The council would serve as a way for these student representatives to voice their concerns about the residence halls or campus life in general, Guenther said.

Then, these concerns will be addressed through “policy in conjunction with Residential Programs and Services,” Guenther said.

Corona said when she arrived on campus her freshman year, she noticed minority students being underrepresented, and this council is the next big step with the
changes they began to make this past year.

“This past year we were successful in having all apartments that are centers, so Union Street, Willkie and the Hillcrest apartments at Collins, be gender blind, which is a big deal, because those students who identify as transgender would be ousted as soon as they walked on campus,” she said.

RHA plans to collaborate with the IU Student Association, which is also looking to start a “diversity hub,” Guenther said.

While RHA will be focused more on the residence halls, IUSA will focus on non-residence hall students.

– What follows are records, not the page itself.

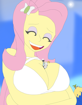 Would've been even funnier if Flutters was wearing one of those minimizing tops and her it got cut, her breasts suddenly boomed turning out to be bigger than the top made them appear to be.
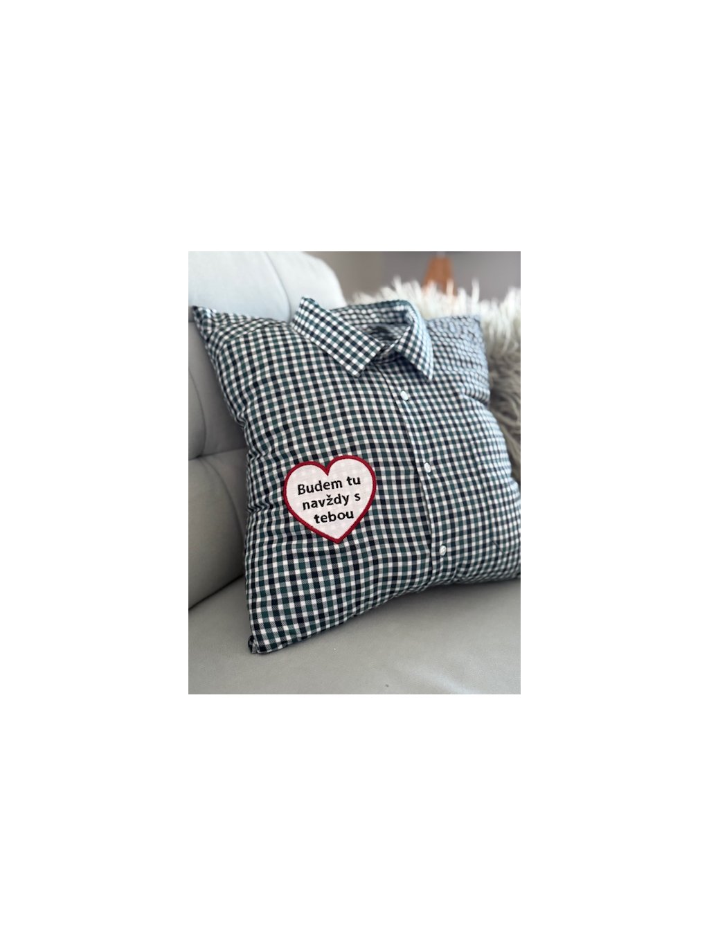 Na výrobu pamiatkového vankúša je potrebné zaslať minimálne jeden väčší kus oblečenia (košeľa, mikina, sveter, tričko a pod.). Z odoslaného oblečenia vytvorím nezameniteľný vankúš so srdiečkom, do ktorého je možné vpísať vlastný odkaz, meno, dátum, motto či krátku vetu, ktorá pre vás nesie hlboký význam.
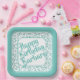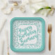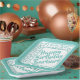 This numeric design has a teal and white random number pattern with a teal milestone number 35 repeated in varied sizes and angles. There is a white area in the center for your text and teal-and-white squares around the rim.

There will be two separate councils.

“The two diversity hubs were actually started without knowledge of the other, which just shows the mounting need for a Council of this manner,” Guenther said.
Guenther said RHA will allow an IUSA representative to sit in on their council, and said he hopes IUSA does the same.

Corona said the Social Advocacy Council follows right in line with what RHA strives to do on campus.

“I don’t think a council like this exists yet at IU, and it’s our hope that it becomes something of a model for other organizations to use,” Corona said. “Really, the most important thing is just that collaboration, bringing different people from different backgrounds and organizations together to see what can happen.”

So far, five of the nine organizations have decided to commit delegates to the Social Advocacy Council.

Guenther said that although the first meeting for the council isn’t until the fall, he plans to stay in communication with the RHA executive board during the summer and will be open to any suggestions from the IU community.

“This Council will be important to the University because it will give those students who are oftentimes underrepresented or ignored a voice directly to the University administration,” he said. “It will give them a platform to enact cultural and policy changes to better this University for all students and make IU a place where change can start with a handful of concerned students."